Figure 9 Spotty necrosis characterized by small foci of lobular necroinflammation and associated apoptotic hepatocytes.
Hematoxylin and eosin stain, magnification × 200.
Portal lymphoid aggregates, bile duct damage, steatosis
Features characteristically seen in chronic hepatitis C are portal lymphoid aggregates and/or lymphoid follicles, bile duct damage, macrovesicular or mixed microvesicular and macrovesicular steatosis and Mallory-Denk-like material[29]. These are not specific and can be seen in other subtypes of viral hepatitis or in non-viral hepatitis too. Portal lymphoid infiltrates have been reported to be present in 33% to 78% of cases and are composed of small lymphocytes, some with germinal centers[28,30,31]. These occur more frequently in HCV genotype 1B infection[31].
The lymphoid aggregates occur in proximity to bile ducts and are sometimes associated with damage to bile duct epithelium that was originally described by Poulsen and Christoffersen[32]. The bile duct damage is mild and non-destructive, and is characterized by cellular vacuolation, cytoplasmic eosinophilia, nuclear overlapping and nuclear dropout. The bile duct lesions are frequent and have been reported in as high as 91% of cases[28], and are more prevalent in hepatitis C genotype 3a[33].
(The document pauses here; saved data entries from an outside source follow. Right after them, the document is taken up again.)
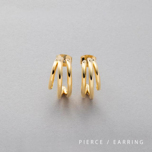 3つのフープラインが連なるレイヤード風ピアス/イヤリング。シンプルなフープを重ね着けしたようなフォルムがさりげなく存在感あるモダンデザインで大人顔をメイク。大人コーデにひとつ加えて格上げして◎
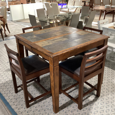 Description: Carved Wood & Slate Stone Tile with Center Butterfly Leaf Table with 4 Wood & Croc Style Faux Leather Barstools Dining SetCond...
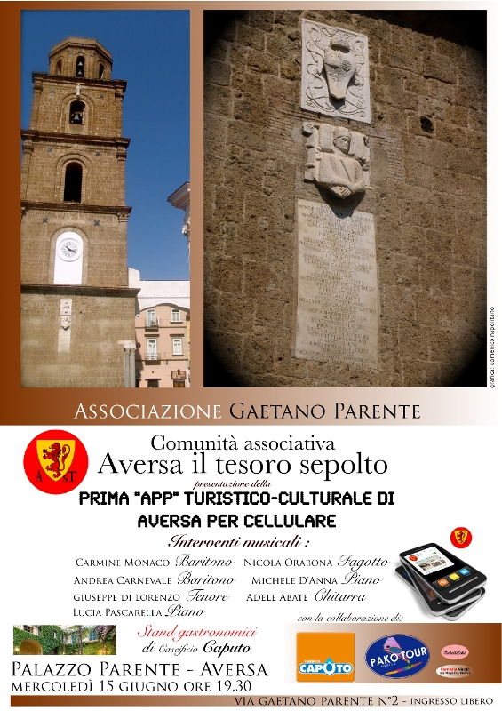Aversa – Mercoledì 15 giugno, al Palazzo Parente, in collaborazione con l’associazione “Gaetano Parente”, la comunità associativa “Aversa il tesoro sepolto” presenta la prima “App” turistico-culturale di Aversa per cellulare “Aversa il tesoro sepolto”, disponibile su piattaforme Android.
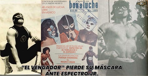 1986: El Faraón defeats La Fiera in a hair match (Feb. 23). Sangre Chicana wins a brutal hair mach with Perro Aguayo in front of a capacity crowd (Feb. 28). Atlantis unmasks Hombre Bala in a sold-out Arena México (Dec. 5). A 36-year ban on women’s wrestling is lifted in Mexico City and Arena Coliseo hosted its first women’s match since 1950 (Dec. 21).
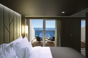 Each of our Penthouses offers a spacious living area and a separate dining area for four, allowing guests to entertain others or retreat in style as they see fit. Floor-to ceiling doors lead onto an expansive private sun terrace with a dining table and a daybed for ultimate relaxation at sea.
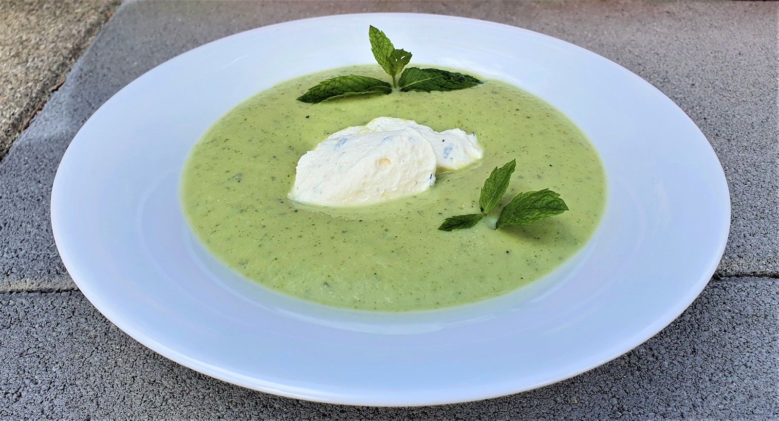 C'est une entrée... comment dire? Fraîche, revigorante et pleine de goûts. La menthe et la courgette, quel beau mariage, ça ne se discute pas!
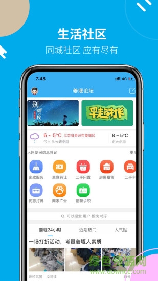 姜堰人网app是一款同城论坛软件,主要针对姜堰用户打造,集合相亲、照片、房产、汽车、娱乐、购物、丽人等信息为一体,在这里你可以快速获取城市动态,线上交流便捷,欢迎来绿色资源网下载!
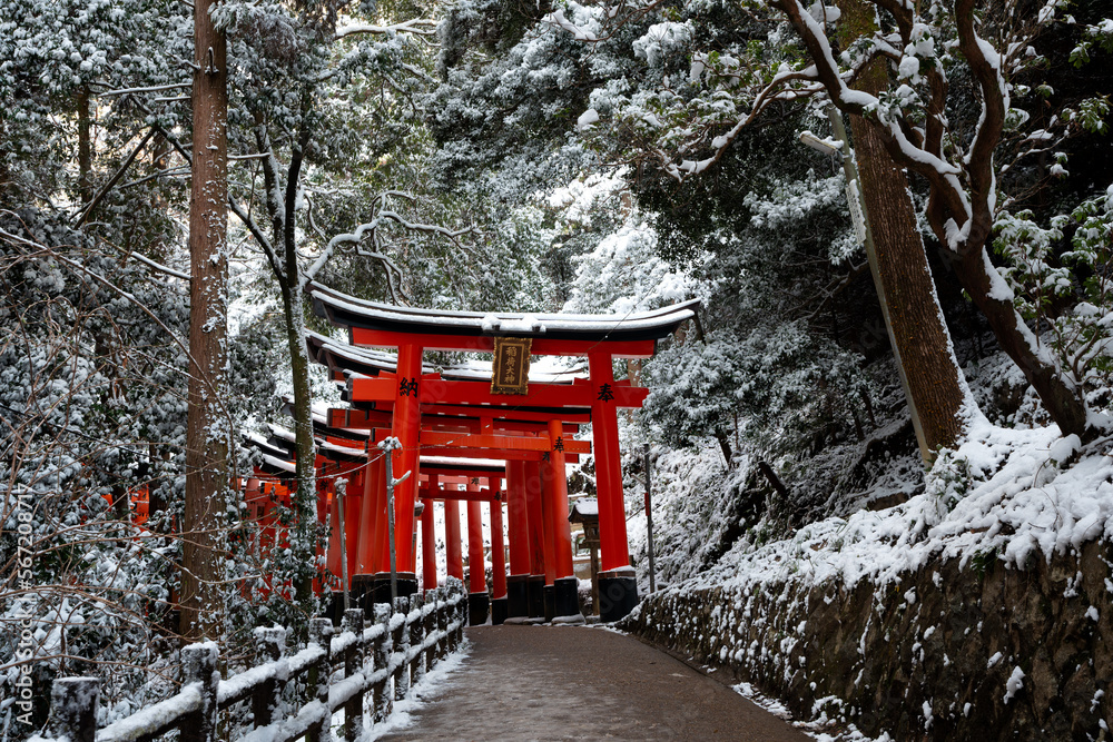 Snow-capped row of red torii gates at Fushimi Inari-taisha Shrine in winter. Kyoto, Japan.
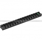 RIS планка для страйкбольных винтовок M24. За счет большой длины планки (17 см) и цельного профиля (например, на базовой планке CYMA есть выемка) на планку можно установить любой прицел, совместимый с 20 мм рельсой стандарта RIS (Пикатинни). Для более точного горизонтального позиционирования винтовки планка снабжена встроенным уровнем.
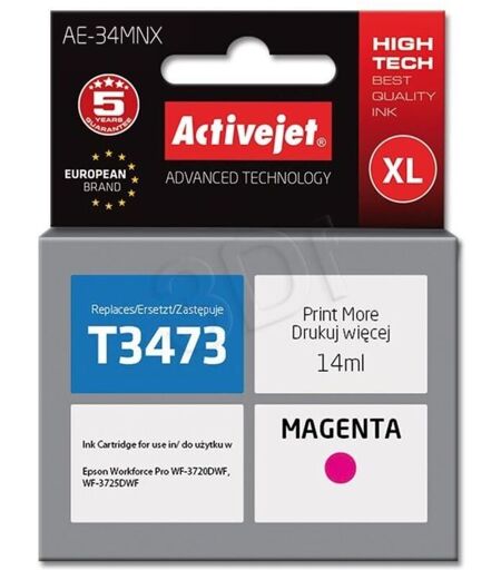 Cartouche d'encre Activejet AE-34MNX (remplacement pour Epson 34XL T3473 Supreme 14 ml magenta)
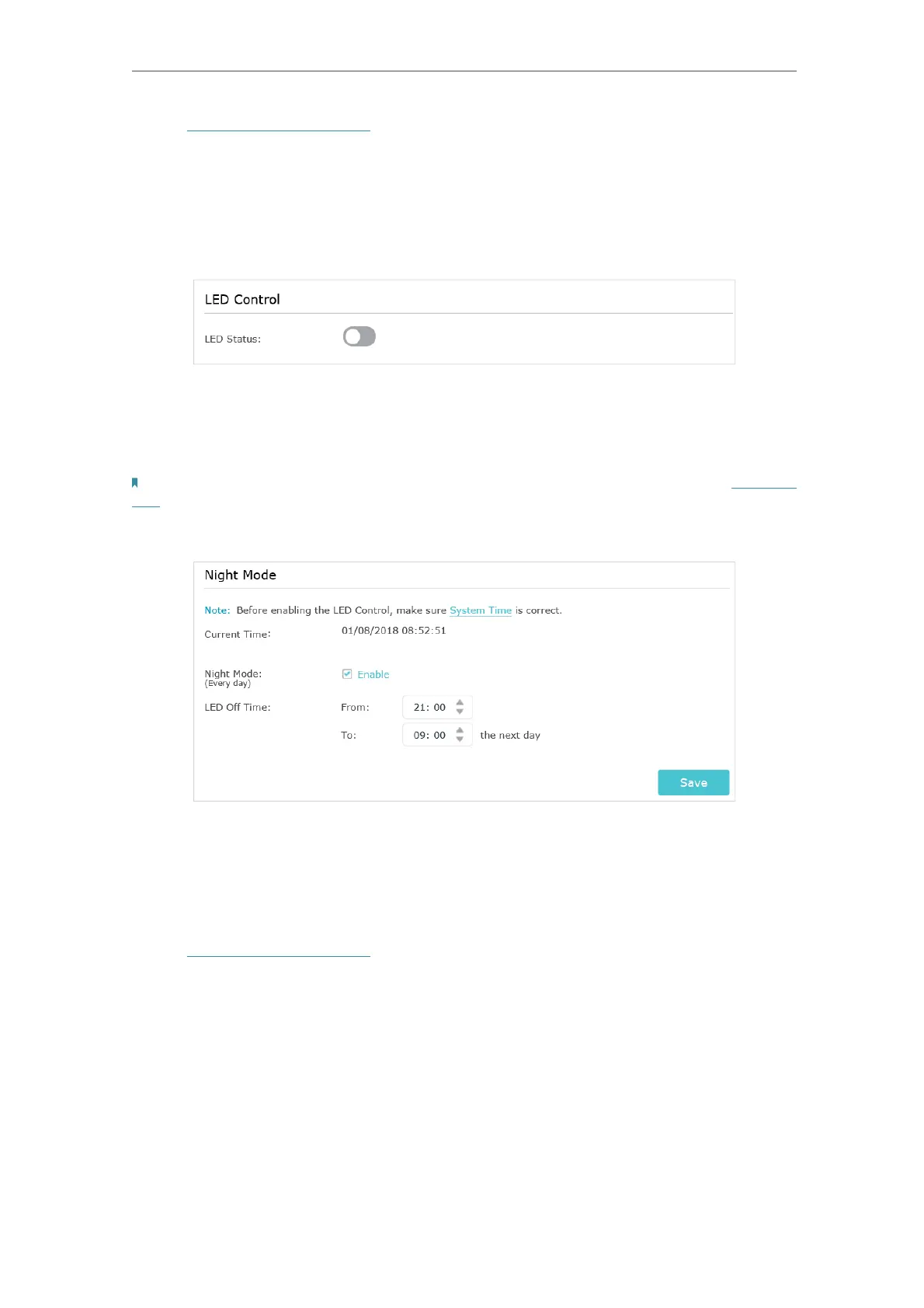 Note: The effective time schedule for Night Mode is based on the system time of the extender. Refer to Set System
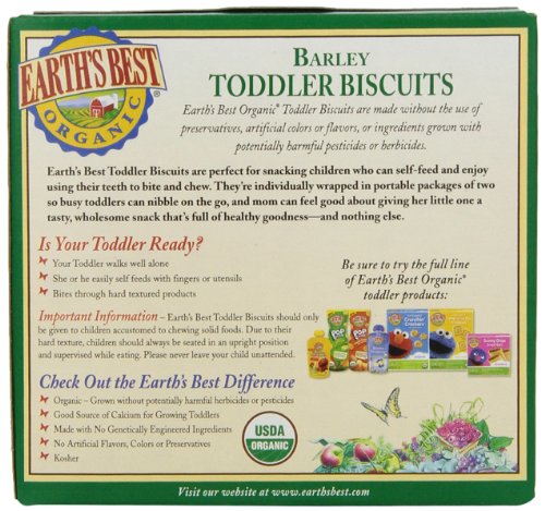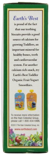 Earth’s Best Organic Toddler Teething Biscuits are specially formulated with vitamins and minerals for your toddler. These wholesome teething biscuits are a perfect texture to help soothe your toddler’s sore gums and a yummy cookie that they will enjoy! Earth’s Best brand proudly offers an array of great-tasting juice, snacks and meals for toddlers made with the same organic ingredients parents have come to expect from the leading brand of organic baby food. Available in fun shapes and flavors, these items are fortified with calcium, iron and zinc. Pure, organic ingredients enable parents to feel good giving them to their children.Feature
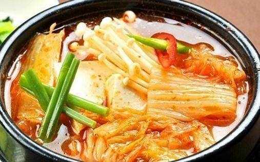原料:泡菜、五花肉、大蒜、生姜、白萝卜、洋葱、豆腐、卷心菜、胡椒粉、盐、清酒、香油、洋葱
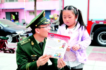 24日,济宁市公安消防支队市中大队来到前铺社区,发放消防安全知识宣传单、组织观看消防知识电影、消防知识有奖竞答,用丰富多彩的宣传形式,提高居民的消防安全意识。图为一名小朋友在看消防安全知识宣传单。 本报记者 苏洪印 摄
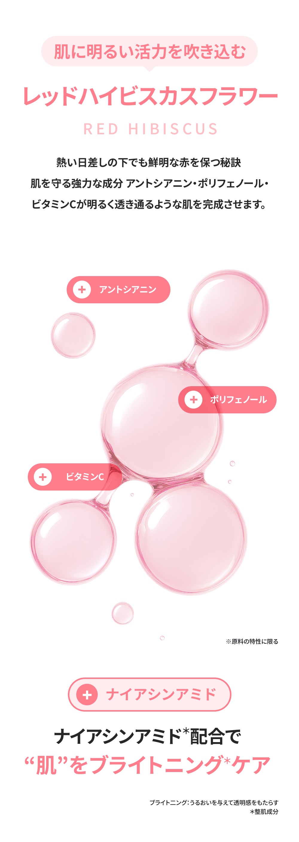 水、DPG、(カプリル酸/カプリン酸) PEG-6グリセリズ、グリセリン、カプリン酸ポリグリセリル-4、ナイアシンアミド、カプリル酸ポリグリセリル-6、ハイビスカス花エキス、クチナシ果実エキス、グルタチオン、1,2-ヘキサンジオール、トロメタミン、ヒドロキシアセトフェノン、カフェイン、尿素、コーンスターチ、エチルヘキシルグリセリン、オウレン根エキス、EDTA-2Na、BG、カルボマー、デキストリン、カプリロイルサリチル酸、グルコノラクトン、酸化鉄、ヒドロキシプロピルメチルセルロース、加水分解野菜タンパク、マルトデキストリン、ミネラル塩、香料
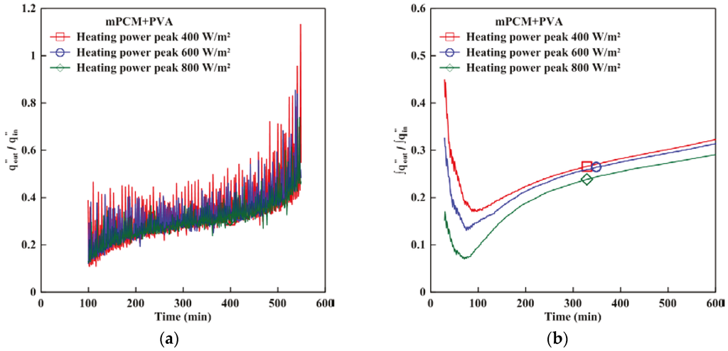 Histories of (a) instantaneous and (b) time-averaged, fractional heat penetration onto the interior side of the macroPCM + PVA wall tile with various heating powers.
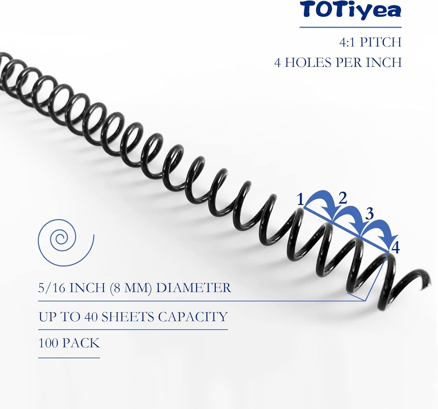 TOTiyea 100 Pack Plastic Spiral Binding Coils,8mm(5/16") Binding Spirals,40 Sheet Capacity,4:1 Pitch, Black
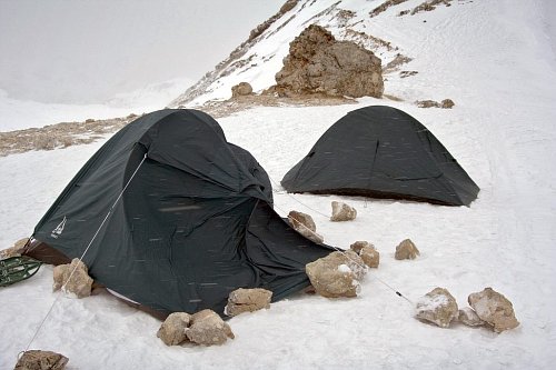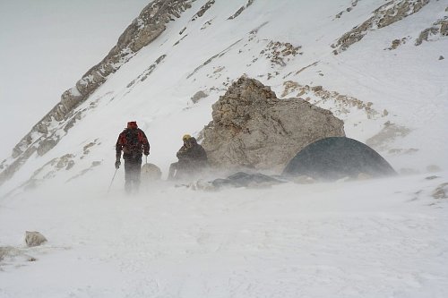 Zpevňujeme ležící stan a stavíme v sněhové futeři ohrady z okolí nasbíraných a vykopaných kamenů. Pokoušeli jsme se ještě o dosažení vrcholu Rote Wand jihovýchodně od base campu, ale špatná viditelnost spolu s mlhou zabránili jeho dosažení. Šlo to jen po Ofen Mauer a sedlo Cocodain Scharte. Do rána vítr neustával, naopak přibylo hustější sněžení. Za svitu čelovek sestupujeme ve 4 hodiny ráno stejnou cestou zpět. Jen přes jezero se již dáváme rovnou. Po 3 hodinách sestupu už ohříváme zmrzlý motor naší Cordoby a pelášíme domů.
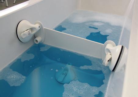 Práctico y cómodo. El biombo continuamente ajustable reduce significativamente el riesgo de deslizamiento en la bañera. El biombo también se puede utilizar como una tabla auxiliar en la pared de la bañera.
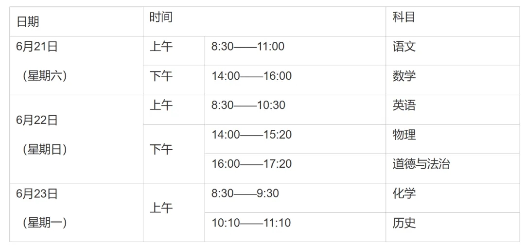 (1)笔试科目:语文、数学、英语、物理、化学、道德与法治、历史,共7科7卷。其中,道德与法治实行开卷笔试,其他科目均为闭卷笔试。语文科目为一卷制,其他科目为两卷制。各科目试卷满分值及考试时长分别为:
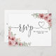 An elegant heart script dusty rose floral RSVP card. The reverse features your details and a fun guest song request. Designed by Thisisnotme©

Steatosis, macrovesicular or mixed macrovesicular and microvesicular type, is a viral cytopathic effect[29], that when present is a characteristic feature of chronic hepatitis C and is commonly seen in association with hepatitis C genotype 3a[33]. The steatosis in this setting is usually mild and is periportal or azonal in distribution. The steatosis is postulated to be secondary to free radical mediated peroxidation that is elicited by increased virus-induced iron storage[34]. Presence of moderate to marked steatosis in a liver biopsy, especially in a centrilobular/perivenular distribution, from a patient with hepatitis C should raise a clinical consideration for concomitant fatty liver disease secondary to obesity, alcohol, hyperlipidemia or diabetes. Such cases may, in addition, show neutrophilic infiltration, ballooning degeneration, and Mallory-Denk-hyaline and pericellular/perisinusoidal fibrosis.
Iron deposition
Other features of chronic hepatitis C include iron deposition. Mild iron deposition occurs in both hepatocytes and sinusoidal lining Kupffer cells in chronic viral hepatitis. Assessment of iron in liver biopsy is pertinent, as hepatocellular iron deposition has been shown to be an inverse predictor of response to interferon treatment[35-38]. Perls stain is the most commonly used stain for assessing hemosiderosis in liver because of high sensitivity. The iron deposition in hepatocytes is assessed and commonly graded using the Searle’ modification[39] of Scheuer scoring system[40] for iron deposition. Hereditary hemochromatosis is always a clinical consideration in presence of hepatocellular iron in liver biopsies, even in small amounts, because of variable penetrance of the disease.
Fibrosis
Fibrosis is a dynamic reparative process and is a consequence of chronic inflammation, hepatocyte loss and regeneration in viral hepatitis. Fibrosis usually starts in the portal tracts resulting in expansion, and then extends to periportal tissue as thin fibrous septa that account for the irregular contours of the portal tracts. As the disease progresses over time (usually 10-20 years), the fibrous septa link to adjacent portal tracts or central veins and evolves into bridging fibrosis. This combined with hepatocytic regeneration leads to architectural distortion, formation of nodules and eventual cirrhosis (Figure 10). Cholestasis is not a feature of hepatitis C, but can be seen in cirrhotic livers with decompensation. The stage of fibrosis is best assessed on connective tissue stains such as Masson’s trichrome stain.
Figure 10 Cirrhosis characterized by bridging fibrosis with nodule formation.
Masson’s trichrome stain, magnification × 40.
Fibrosis has generally been regarded as an irreversible process. Several studies have reported decrease in fibrosis scores following treatment of the etiological process in a variety of diseases such as steatohepatitis[41], hemochromatosis[42], Wilson disease[43], Indian childhood cirrhosis[44], biliary obstruction[45], autoimmune hepatitis[46], chronic viral hepatitis[47]. In liver tissue of patients with chronic viral hepatitis, the fibrosis has been seen to regress with antiviral treatment and sustained viral response and eradication[48]. The regression is limited to decrease or disappearance of fibrous septa on histological evaluation, however, the sequelae of cirrhosis such as arteriovenous shunt may persist[49].
GRADING AND STAGING OF CHRONIC VIRAL HEPATITIS
Assessment of liver biopsy in chronic hepatitis C is important to determine the grade (severity) of necroinflammation and evidence of disease progression, which is measured by stage (fibrosis) of disease. This has therapeutic implications, as it is helpful in determining the response to antiviral treatment. It also has prognostic implications as it predicts the progression of disease. Several numerical grading and staging systems were developed to objectively assess the histological findings.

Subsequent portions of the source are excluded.